Indonesia–Russia relations are the bilateral relations between Indonesia and Russia. Indonesia and the Soviet Union established diplomatic relations on 3 February 1950. Russia has an embassy in Jakarta and has announced plans to open a consulate-general in Denpasar, while Indonesia has an embassy in Moscow along with an honorary consulate in Saint Petersburg. Both countries are members of the APEC, G-20 and BRICS.
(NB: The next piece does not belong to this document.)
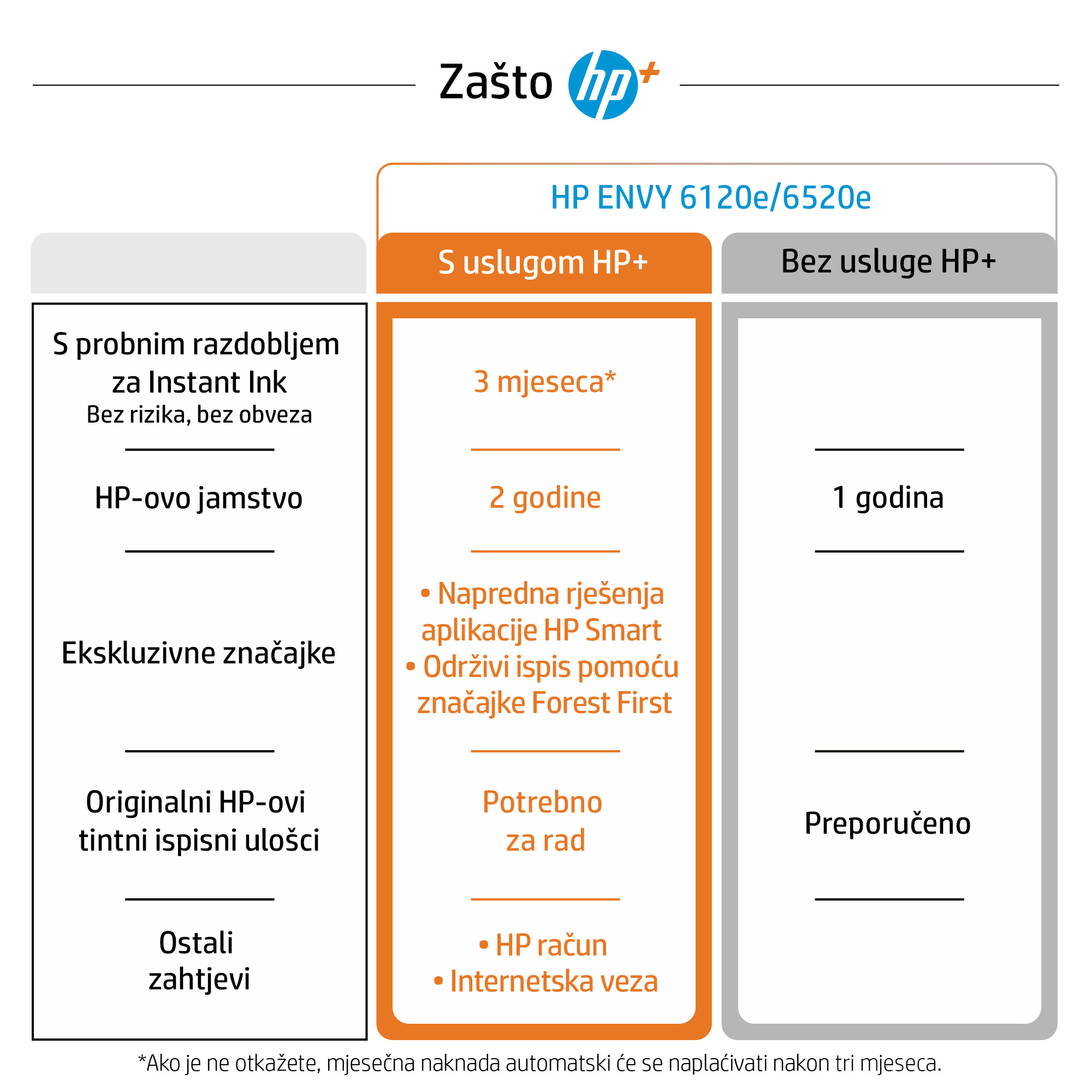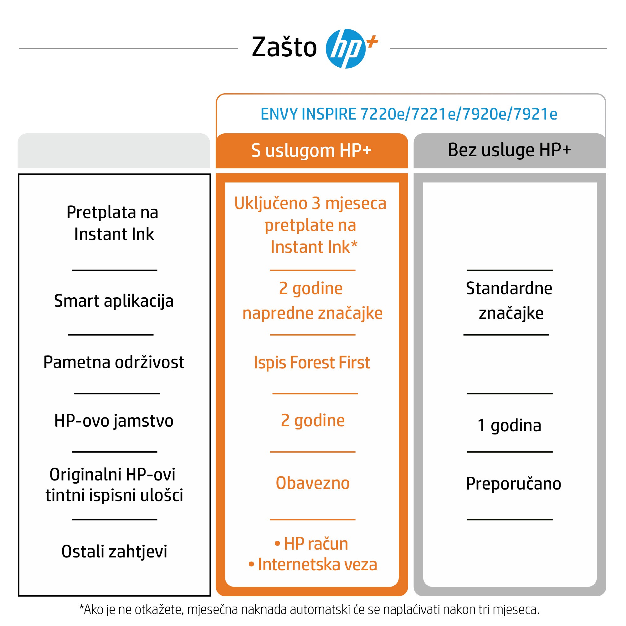 - Aktivirajte HP+ prilikom postavljanja i dobit ćete besplatne mjesece usluge Instant Ink1 te 1 dodatnu godinu HP-ova jamstva. Ako se ne otkaže Instant Ink, nakon probnog perioda usluge primjenjuju se mjesečne naknade.

According to a 2018 Pew Research Center poll, 46% of Indonesians have a favourable view of Russia, with 31% expressing an unfavourable view.

==History==

=== Colonial era ===
In the 19th century, Imperial Russian maritime expeditions started visiting the archipelago. In 1806, two sailing-ships, the Nadezhda and the Neva, under Ivan Krusenshtern and Yuri Lisyansky, engaged in the first Russian circumnavigation of the earth, and approached the shores of Indonesia.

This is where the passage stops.